With approximately 4 million people per year receiving chemotherapy for the treatment of cancer,2 chemotherapy is one of the most commonly used therapies to help patients fight cancer.

Worldwide per Year

Cancer Statistics

However, chemotherapy is accompanied by very debilitating side effects. Many of the currently available chemotherapies cause patients to experience serious nausea and vomiting following treatment.

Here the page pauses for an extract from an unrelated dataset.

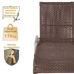 Produto conhecido como: Espreguiçadeira reclinável, Espreguiçadeira em alumínio, Espreguiçadeira com encosto ajustável, Espreguiçadeira para área externa, Espreguiçadeira para piscina, Espreguiçadeira resistente ao tempo, Espreguiçadeira moderna, Espreguiçadeira confortável, Móveis para área externa, Móveis de alumínio para jardim, Corda náutica para móveis, Espreguiçadeira leve e durável, Design sofisticado para áreas externas, Decoração para varanda e piscina, Espreguiçadeira resistente ao sol e chuva

Affecting 70-80% of patients undergoing chemotherapy,2 chemotherapy-induced nausea and vomiting (CINV) is one of chemotherapy's most debilitating side effects, often attributed as a leading cause of premature discontinuation of cancer treatment.

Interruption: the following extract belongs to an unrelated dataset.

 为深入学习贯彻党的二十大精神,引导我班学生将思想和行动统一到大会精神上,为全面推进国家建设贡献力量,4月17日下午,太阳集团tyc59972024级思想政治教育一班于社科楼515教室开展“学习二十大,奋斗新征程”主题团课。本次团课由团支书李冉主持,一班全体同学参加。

CINV Affects 70-80% of Patients Undergoing Chemotherapy2

CINV Affects 70-80% of Patients Undergoing Chemotherapy2

Most chemotherapy agents cause some degree of nausea and vomiting. However, the chemotherapy agents that cause the worst degree of nausea and vomiting are categorized into two groups: moderately emetogenic chemotherapy (MEC) and highly emetogenic chemotherapy (HEC).3 30-90% of patients undergoing MEC and more than 90% of patients undergoing HEC experience vomiting without  preventative treatment.4

Moderately Emetogenic Chemotherapy (MEC) Agents3 Highly Emetogenic Chemotherapy (HEC) Agents3
Azacitidine Daunorubicin* Carmustine
Alemtuzumab Doxorubicin* Cisplatin
Bendamustine Epirubicin* Cyclophosphamide ≥ 1,500 mg/m2
Carboplatin Idarubicin* Dacarbazine
Clofarabine Ifosfamide Dactinomycin
Cyclophosphamide < 1,500 mg/m2 Irinotecan Mechlorethamine
Cytarabine > 1,000 mg/m2 Oxaliplatin Streptozotocin
*When combined with cyclophosphamide, agent is designated as HEC.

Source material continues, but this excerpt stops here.